SFM-id for multi-tenant clients

Context: Sentral forskrivningsmodul (SFM) uses the mechanism SFM-id for single-tenant clients using HelseID.

The functionality described in this document shows how a multi-tenant client can use this mechanism.

Submission of SFM-id

Clients (multi-tenant) can submit a structured claim in their request to HelseID. This claim can be sent either

  1. as a part of a Request object when making calls to the PAR endpoint (or the Authorization endpoint if the client has not yet adopted PAR), or
  2. as a part of client_assertion when making calls to the Token endpoint

The structured claim is composed as follows:

{
  "type": "nhn:sfm:journal-id",
  "value": {
     "journal_id": "1231231234-34213412-432423-4233"
  }
}

The value for type must always be nhn:sfm:journal-id, and the value for $.value.journal_id must be a UUID.

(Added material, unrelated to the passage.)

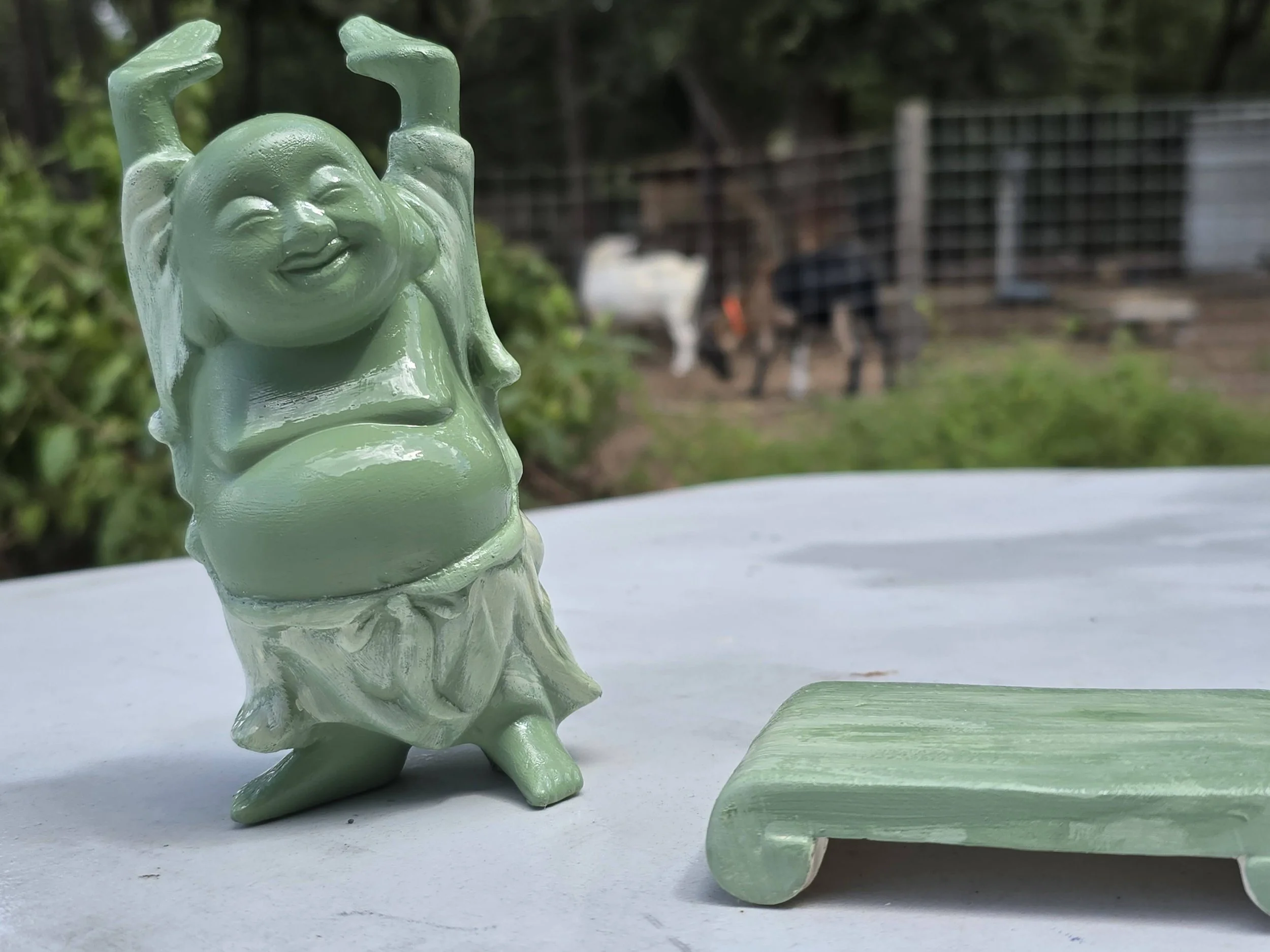 Once your pieces are painted and dried they are ready to SPRAY & DISPLAY! Dry time is usually quick with acrylics. We will spray them with a protective finish - glossy or matte - and your finished pieces can be handled and taken home in minutes!

Note that the type nhn:sfm:journal-id uses a syntax with hyphens, while the claim journal_id uses a syntax with underscore.

Example call to HelseID

When submitting information in the Request object, the client must use the authorization_details claim:

"authorization_details":
[{
    "type": "nhn:sfm:journal-id",
    "value": {
      "journal_id": "ed30a6a5-4834-40be-a32b-1e4f5217e378"
    }
 },
 {
   "type":"helseid_authorization",
   "practitioner_role":
   {
     "organization":
     {
       "identifier":
       {
         "system":"urn:oid:1.0.6523",
         "type":"ENH",
         "value":"NO:ORGNR:<consumer organization number>:<consumer child organization number>",
       }
    }
  }
}]

When submitting information in client_assertion, the client should replace the claim type authorization_details with assertion_details, although authorization_details will still be accepted. Be aware that submitting both authorization_details and assertion_details is not allowed.

Claim in token

The claim from HelseID (in the Access token) looks like this:

{
  ...
  "nhn:sfm:journal-id" : "ed30a6a5-4834-40be-a32b-1e4f5217e378",
  ...
}

Error Messages

HelseID validates the values in the call to either the Token endpoint or the PAR endpoint, and will return HTTP code 400 (Bad Request) with error message invalid_request if the content is incorrect.

If the client does not have access to the scope nhn:sfm:journal-id, HelseID will return HTTP code 400 (Bad Request) with error message invalid_scope.

See the document Error Messages for descriptions of typical error messages from HelseID.